There was no significant acute effect of feeding on BMC for the total sample (P = 0·567; ŋ2:0·152). Acute feeding did not significantly impact BMC in males (P = 0·406; ŋ2:0·178) or females (P = 0·878; ŋ2:0·074).

Four-compartment model outcomes

For the 4C model, validity error for FM of CHO (CE = 0·31 kg; TE = 2·84 kg), PRO (CE = 0·84 kg; TE = 2·81 kg) and MX (CE = 0·55 kg; TE = 2·36 kg) were all moderate when compared with the FAST condition. Validity error for FFM was also moderate: CHO (CE = 0·82 kg; TE = 2·72 kg), PRO (CE = 0·40 kg; TE = 2·58 kg; SEE = 2·54 kg) and MX (CE = 0·70 kg; TE = 2·62 kg). Validity for %fat appeared to result in the largest error: CHO (CE = 0·14 %, TE = 4·04 %), PRO (CE = 0·82 %; TE = 3·77 %) and MX (CE = 0·42 %; TE = 3·40 %) as depicted in Bland–Altman plots (Fig. 4). Qualitatively, these errors are considered good/fair, suggesting body composition when measured by the 4C will be notably altered with food consumption, less from a high PRO meal. For the total sample, there was no main effect for feeding for FM (P = 0·142; ŋ2:0·433), FFM (P = 0·248; ŋ2:0·362) or %fat (P = 0·392; ŋ2:0·236). For the males, there was no main effect for feeding for FM (P = 0·524; ŋ2:0·184), FFM (P = 0·343; ŋ2:0·289) or %fat (P = 0·716; ŋ2:0·123). For the females, there was no main effect for feeding for FM (P = 0·162; ŋ2:0 350), FFM (P = 0·389; ŋ2:0 261) or %fat (P = 0·252; ŋ2:0 273).

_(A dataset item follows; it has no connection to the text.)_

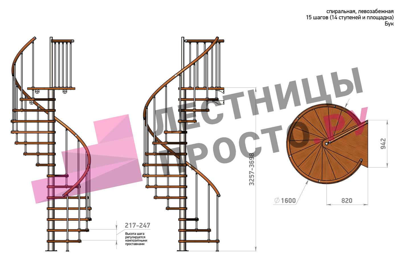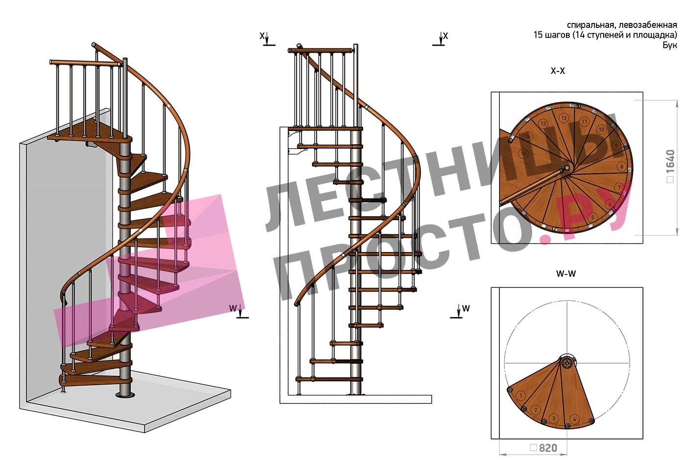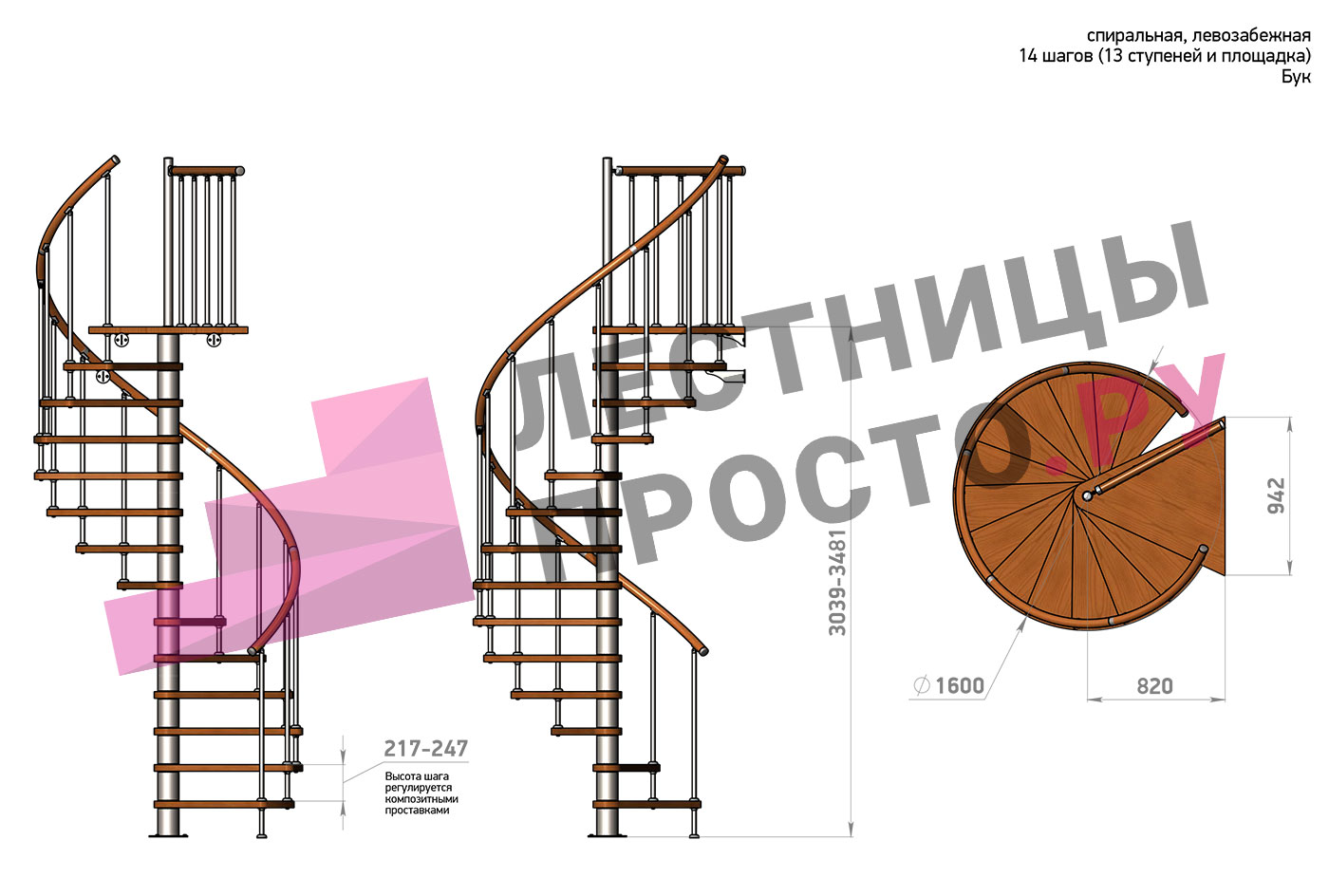 Левая, d=160см, 14 ступеней + площадка

Fig. 4. a) Difference between 4C, FM, CHO and FAST (diff = CHO – FAST) for the entire sample. b) Difference between 4C, FM, PRO and FAST (diff = PRO – FAST) for the entire sample. c) Difference between 4C, FM, MX and FAST (diff = MX – FAST) for the entire sample. The constant error (CE) is represented by a solid line; upper and lower limits are represented by dashed lines. The line of regression is represented by a solid line. d) Difference between 4C, FFM, CHO and FAST (diff = CHO – FAST) for the entire sample. e) Difference between 4C, FFM, PRO and FAST (diff = PRO – FAST) for the entire sample. f) Difference between 4C, FFM, MX and FAST (diff = MX – FAST) for the entire sample. The CE is represented by a solid line; upper and lower limits are represented by dashed lines. The line of regression is represented by a solid line. 4C, four compartment; FM, fat mass; CHO, carbohydrate; FAST, fasted; MX, mixed; FFM, fat-free mass.

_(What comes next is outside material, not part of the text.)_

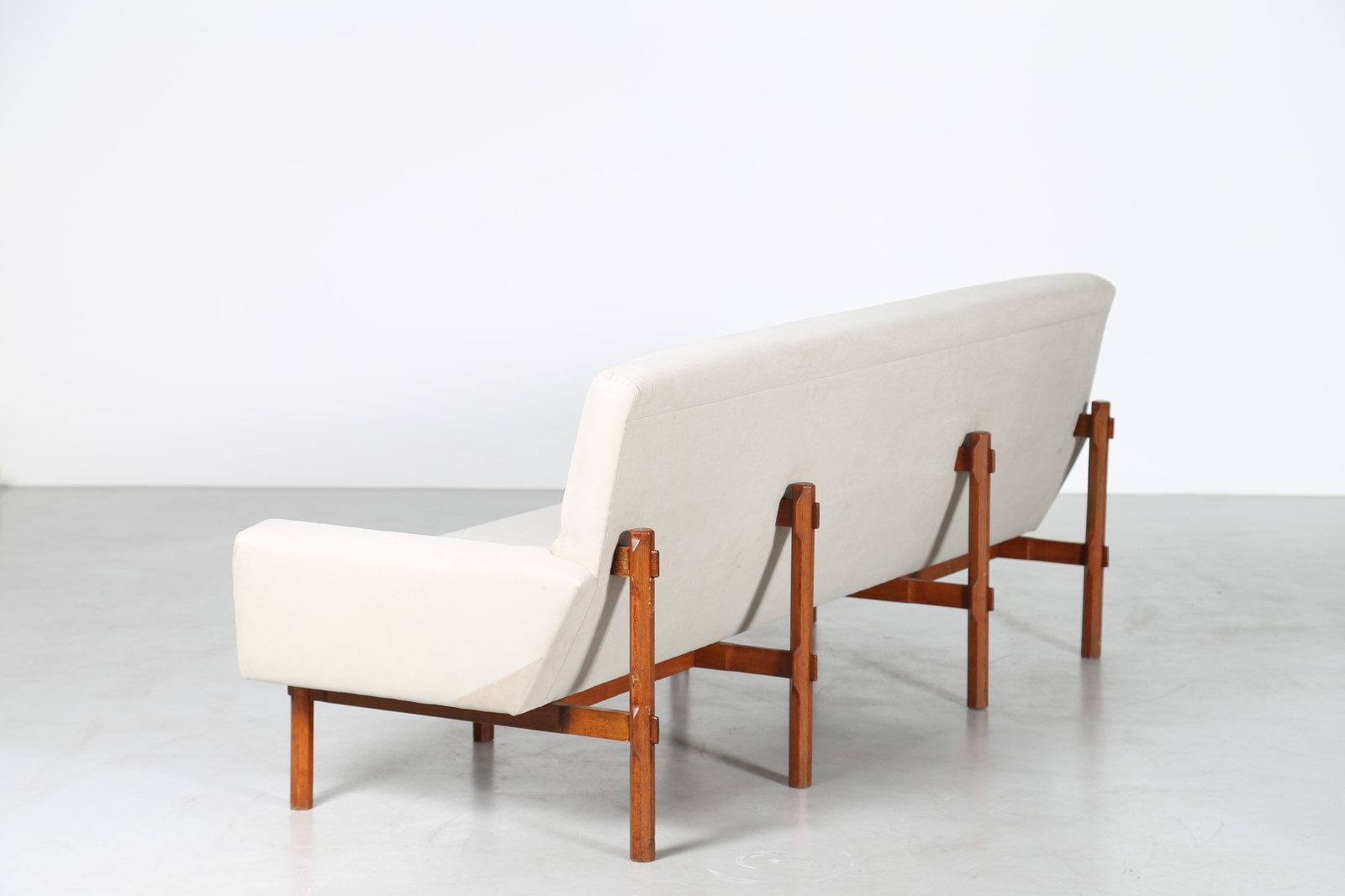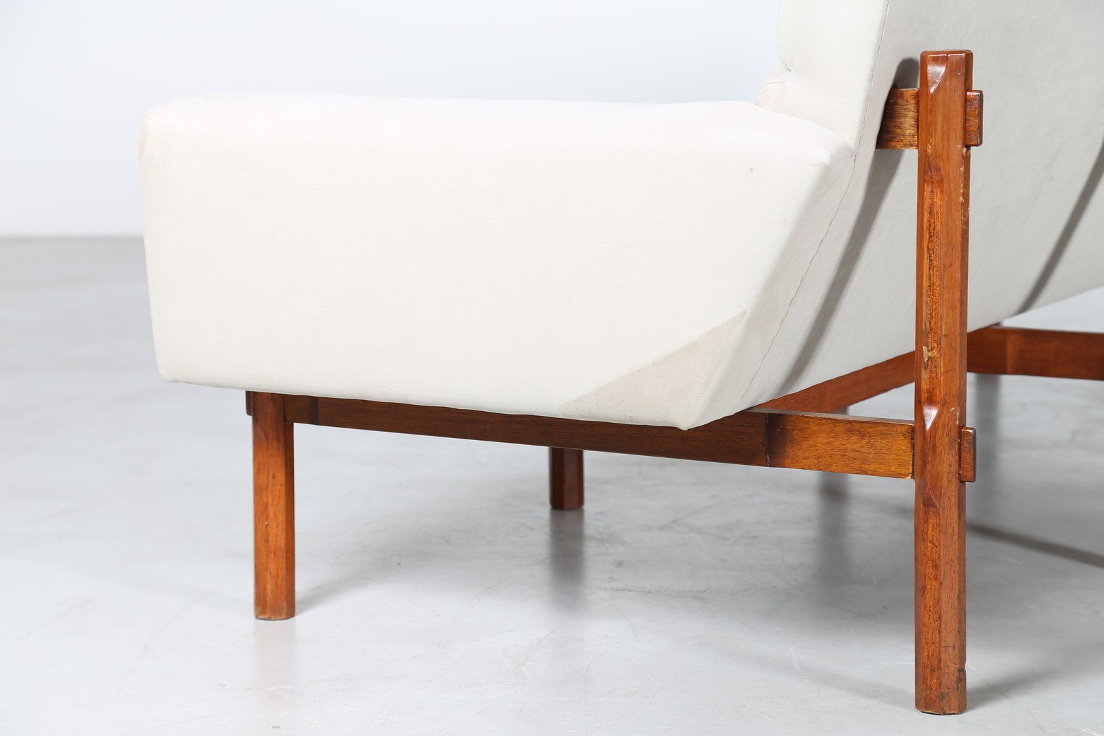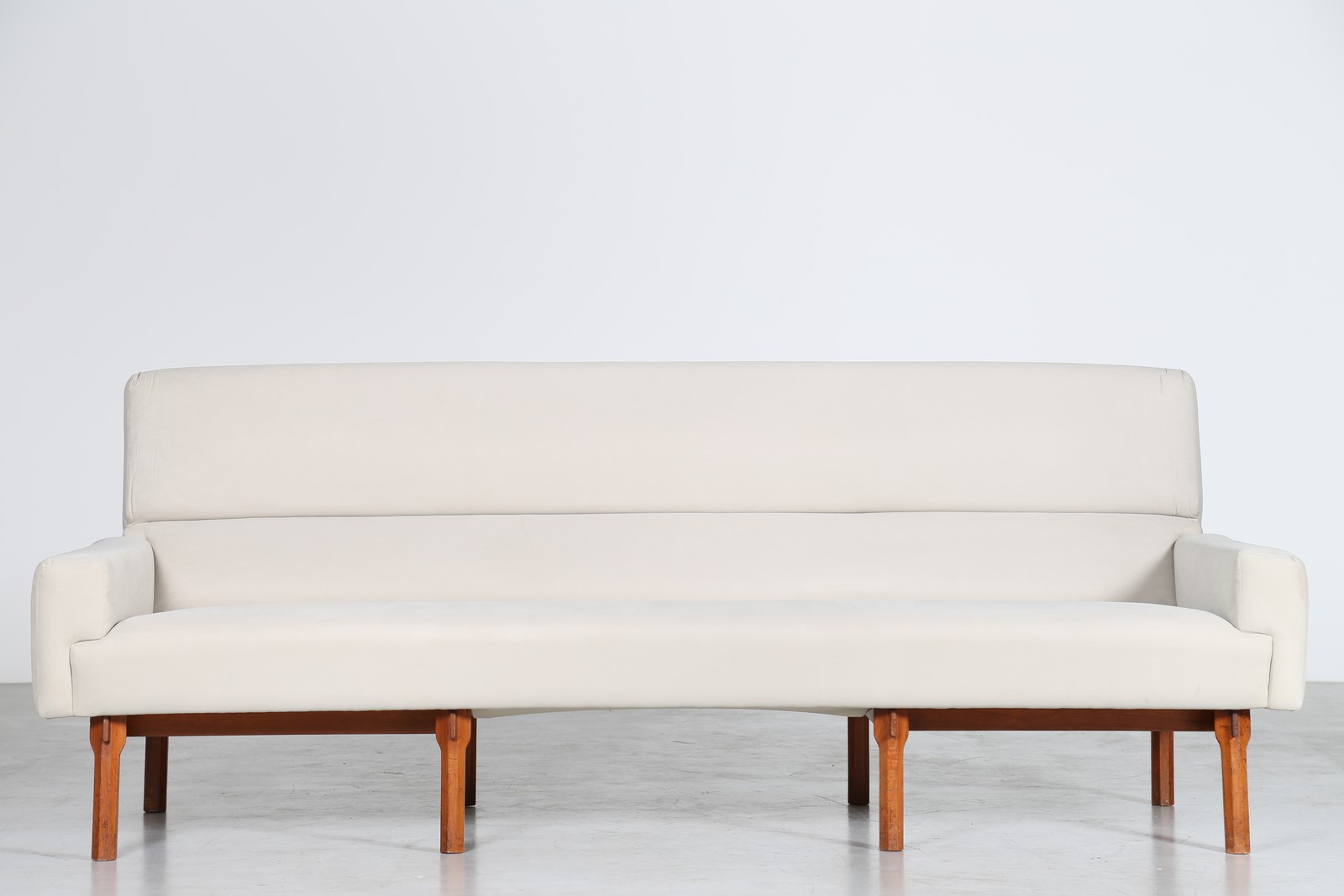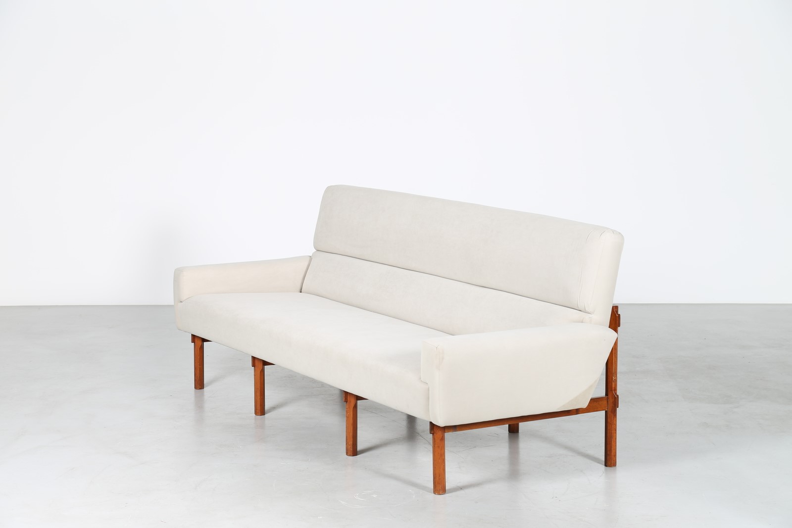PARISI ICO (1916 - 1996) Divano in legno di teak e tessuto, mod. 869, per Cassina, anni 60. Pubblicazioni; Made in Cassina Giampiero Bosoni ed. Skira Milano 2008 pag. 177; Domus n.385 dicembre 1961, pag. 46; Domus n. 399 febbraio 1963, pag. 105; Arredare n. 2 settembre 1963, p. 36. . -. Cm 215,00 x 84,00 x 81,00. Accompagnato da certificato di autenticità, Archivio Parisi.

Compartments of the 4C were evaluated (Table 2); BM was significantly different across all treatments compared with fast (P < 0·001); BV was significantly altered by each acute feeding condition, Fast v. CHO (MD: 0·93 (sd 1·60) l; P = 0·001), Fast v. PRO (MD: 1·20 (sd 1·38) l; P < 0·001); Fast v. MX (MD: 1·13 (sd 1·23) l; P < 0·001) (Table 2). When stratified by sex, the only condition that did not elicit a significant change in BV was FAST v. CHO for the females (MD: 0·86 l (sd 2·02), P = 0·089). No significant effect for TBW, extracellular fluid or intracellular fluid of the total sample, males or females (P > 0·05) were identified.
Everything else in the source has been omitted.